'''

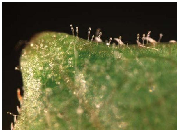
Figure 5. Look for chains of conidia with your hand lens to confirm powdery mildew. Note that the mycelium is very sparse in this colony.

Flag shoots may be found well before you plan to start your fungicide program. This is a serious situation requiring quick action. Remove the shoot and either bury it on site or place it in a sealable plastic bag so you do not spread spores to other areas of the vineyard. Removal of the flag shoot is good, but spores may have been distributed already, and infections may have started that are not yet visible. For this reason,
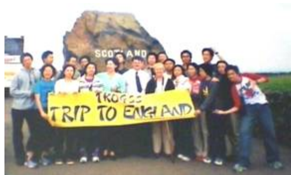
Participants in 2001

This English Enhancement Measure was regarded as exemplary good practice because of the originality of its conception and organisation and its impact on both the participants and the wider school community.
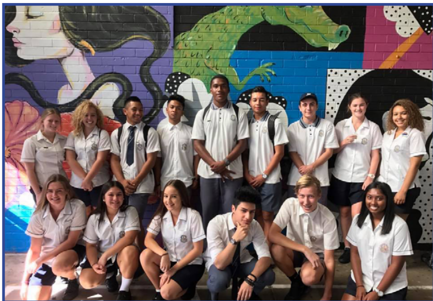
2017 House Captains
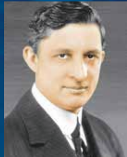
Dr. Willis Carrier

Carrier is a part of UTC Building & Industrial Systems, a unit of United Technologies Corp.(UTC), a leading provider to the aerospace and building systems industries worldwide. UTC was ranked at 151 st position in Fortune 500 list of global corporations in 2014.
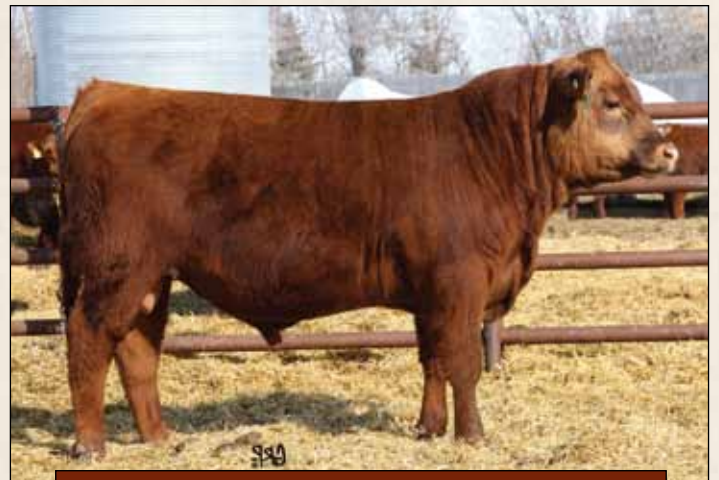
Lot 32: Mambo 1013X
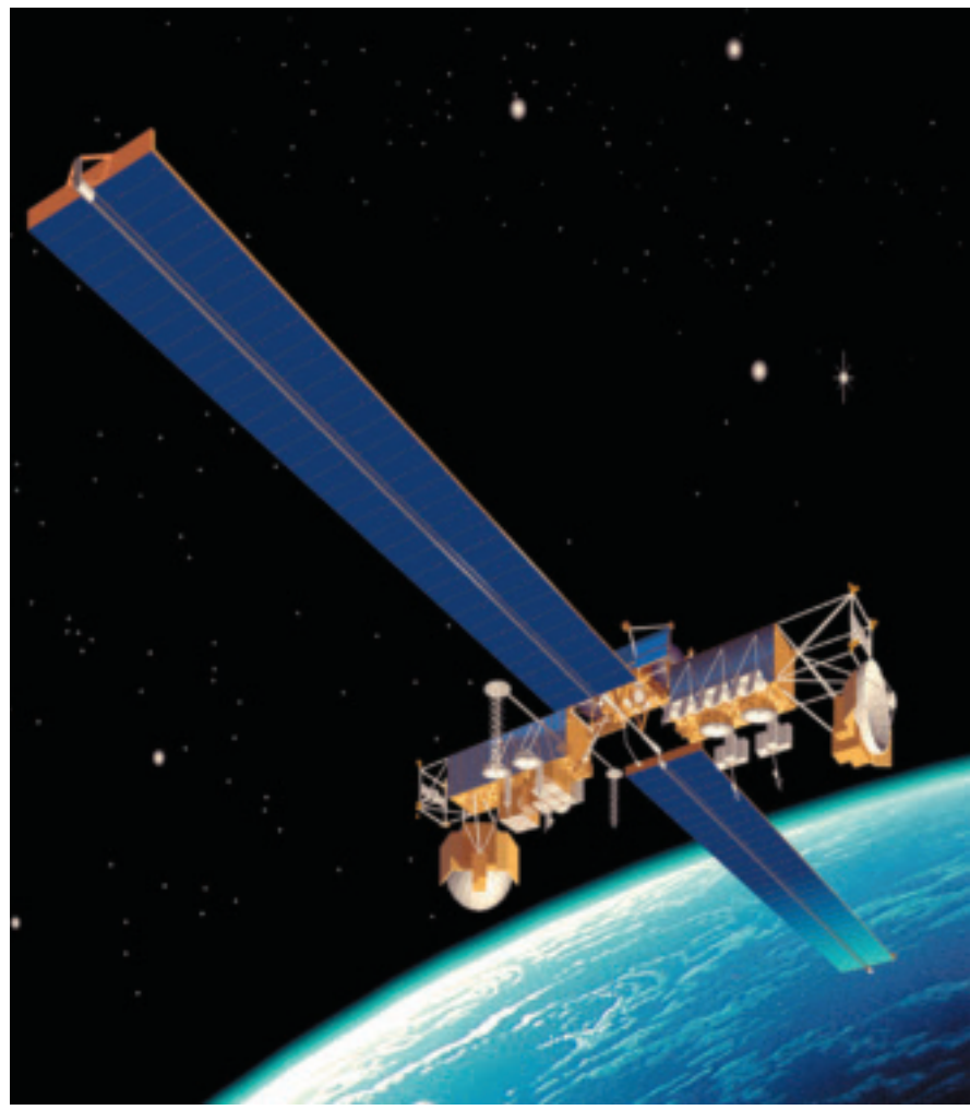
Milstar (Lockheed Martin illustration)
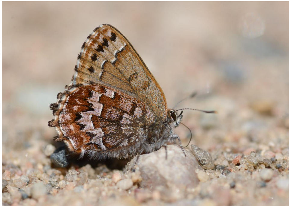
The Eastern Pine Elfin and its Western counterpart are the most distinctively marked elfins. This Eastern individual was imbibing moisture in Agassiz Provincial Forest, 27 May 2019.
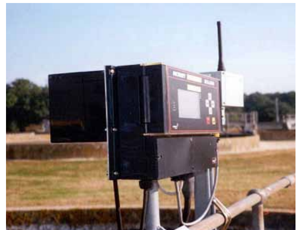
MSL600 mounted over the settlement tank
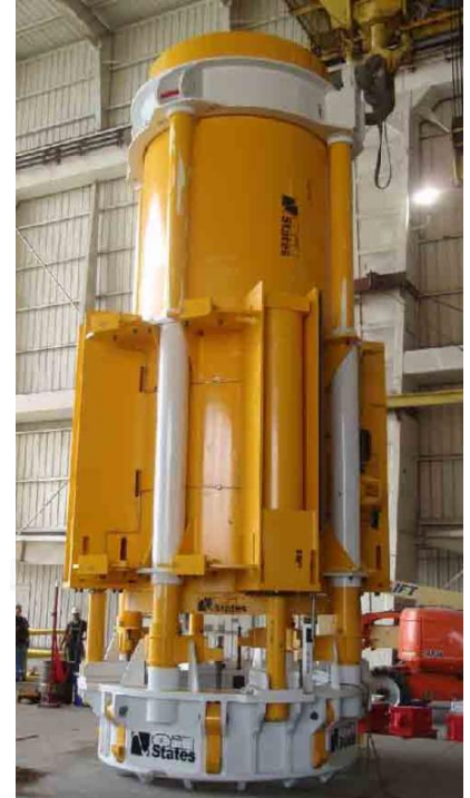
84" X 1750-ton Latch-Lok Leveling Tool
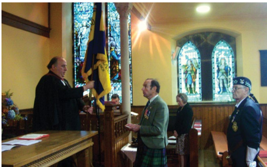
The Royal British Legion Scotland laying up their Old Standard.

and I still need 'God'. The Christian Church still offers a message of 'hope' to the war torn countries of Syria, Afghanistan, Iraq. A message of 'hope' to the starving and the homeless shines out across the world. Of one thing we can be certain, the real present to aching human hearts is that of the love of God in the baby Jesus who was born into this world to set us free. At the end of the old year, and the gateway to
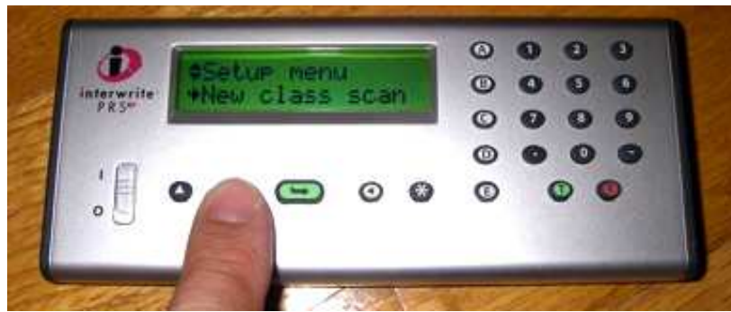
Figure 4: Interwrite Step 3
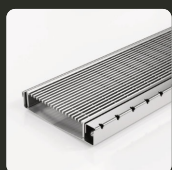
120SCSARiMTL Architectural Grate

Available in Stormtech's exclusive range of designer grates and tile inserts with natural stainless steel finish, or a luxurious electroplate or powder coat.
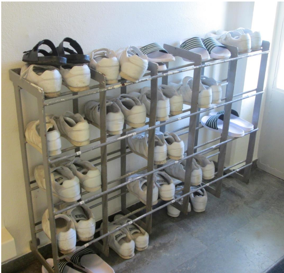
Entrance hall, foreign national Pavilion, Mariefred prison, Sweden
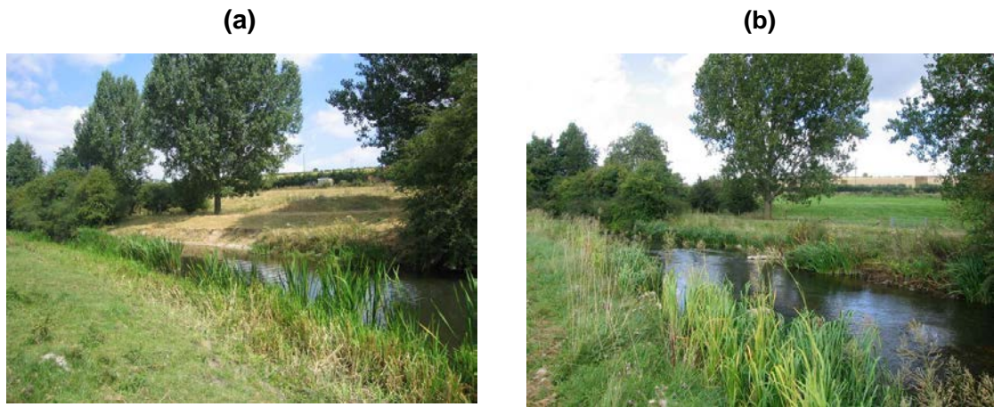
Figure 3.3 Downstream of Seven Hatches (a) before (2006) and (b) after (2009) construction of a gravel riffle

Figure 3.4 shows the increase in emergent vegetation at the channel margins between 2006 and 2009. There was also an increase during this period in the height of riparian vegetation in response to restricting livestock access.
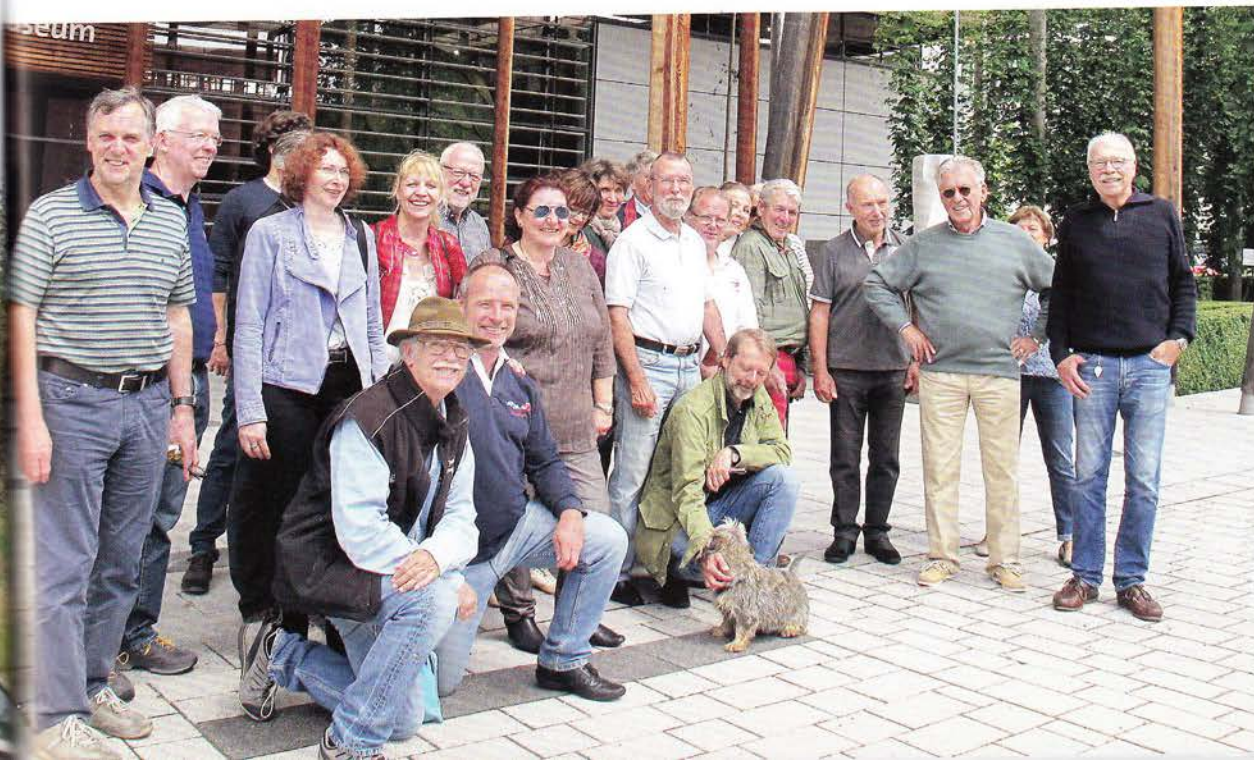
Members of Munich Austin Healey Stammtisch visit Deutsches Hopfenmuseum July 17, 2016.

Niederlauterbach Axelbachstraße 10 D-85283 Wolnzach Tel. 08442/964650
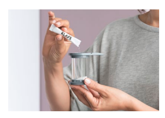
Exact: The salt sticks contain the optimal quantity of salt for one application.

This procedure is extremely easy, because the holding bracket automatically guides the salt cup into the right position.
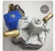
Monza X LPG REGULATOR
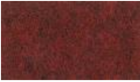
A1 - DARK RED
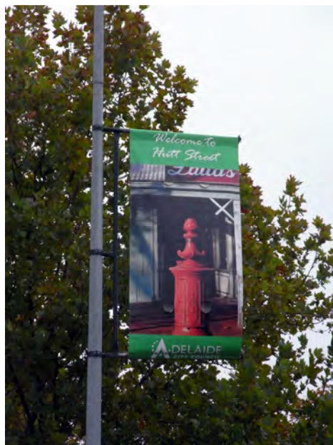
Iconic New Banners down Hutt Street

RSVP to Andrew Black by 15 April, 2010 e: andrew.black@arblack.com.au t: 08 8333 1131
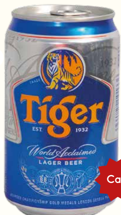
TIGER BEER $7.50 ++
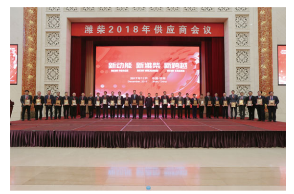
Venue of the Weichai Commercial Conference 2018
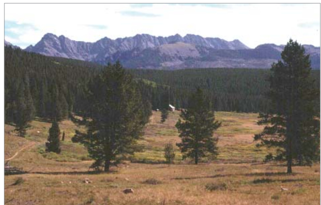
Rocky Mountain Open Lodgepole Pine Forest

This fuel model is meant to represent western grasslands vegetated by perennial grasses. The principal species are coarser and the loadings heavier than those in Model A fuels. Otherwise the situations are very similar; shrubs and trees occupy less than one-third of the area. The quantity of fuels in these areas is more stable from year to year. In sagebrush areas Fuel Model T may be more appropriate.
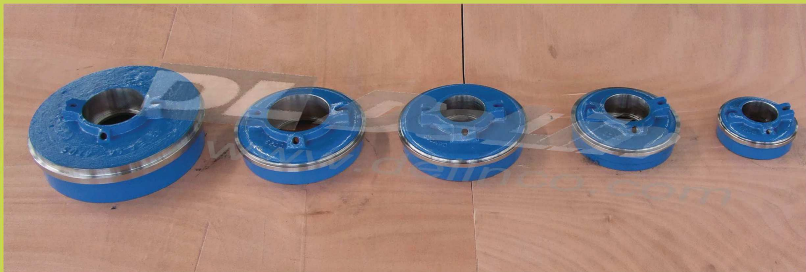
减压盖 (Expeller Ring)
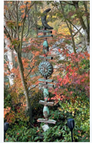
Linda Strauss Pottery
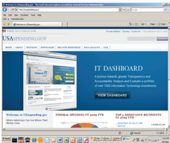
IT Dashboard – Visualizing IT Spending

From listening tours to webcasts to town halls, the White House and federal agencies are opening up the way they work. It’s almost hard to believe that the first blog in the federal government only began in 2008!
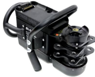
P-16X™ Cordless Components & New Front Handle
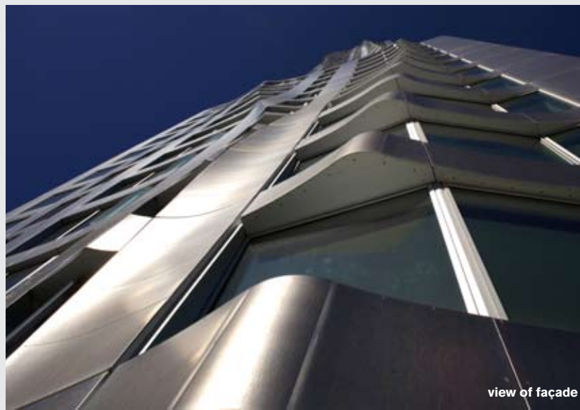
view of façade

Set just north of Manhattan's Financial District near the Brooklyn Bridge, New York by Gehry is located at the center of a variety of dynamic neighborhoods, including Tribeca, Chinatown, and the South Street Seaport. A dozen nearby subway lines provide easy access to all areas of New York City.
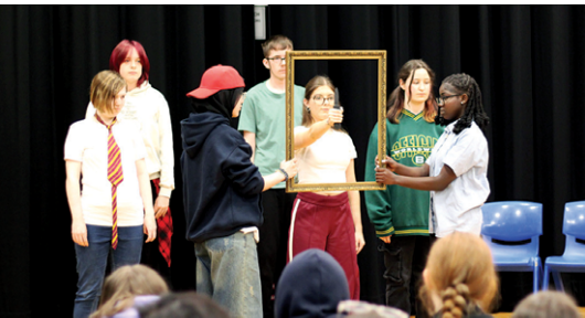
Performing Arts Go On Tour

Following a successful tour to schools across Bolton, where valuable feedback was gathered, the production is now entering its next phase of development. This summer, the enhanced performance will be filmed, with the final footage set to serve as a vital educational resource. Both organisations will use the material in schools to support their ongoing efforts to raise awareness about the serious risks and consequences of carrying knives. Well done to our amazing performing arts students!
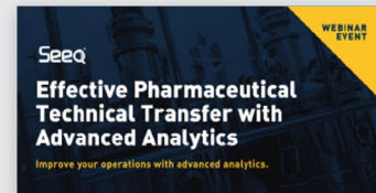
Webinar: Effective Pharmaceutical Technical Transfer with Advanced Analytics

'''

DESCRIPTION OF THE TASK - Write back word for word every line in the entries above from the one with "MSL600 mounted over the settlement tank" to the one with "The Royal British", ends included, and none of the pictures.

SOLVED EXERCISE -
MSL600 mounted over the settlement tank
84" X 1750-ton Latch-Lok Leveling Tool
The Royal British Legion Scotland laying up their Old Standard.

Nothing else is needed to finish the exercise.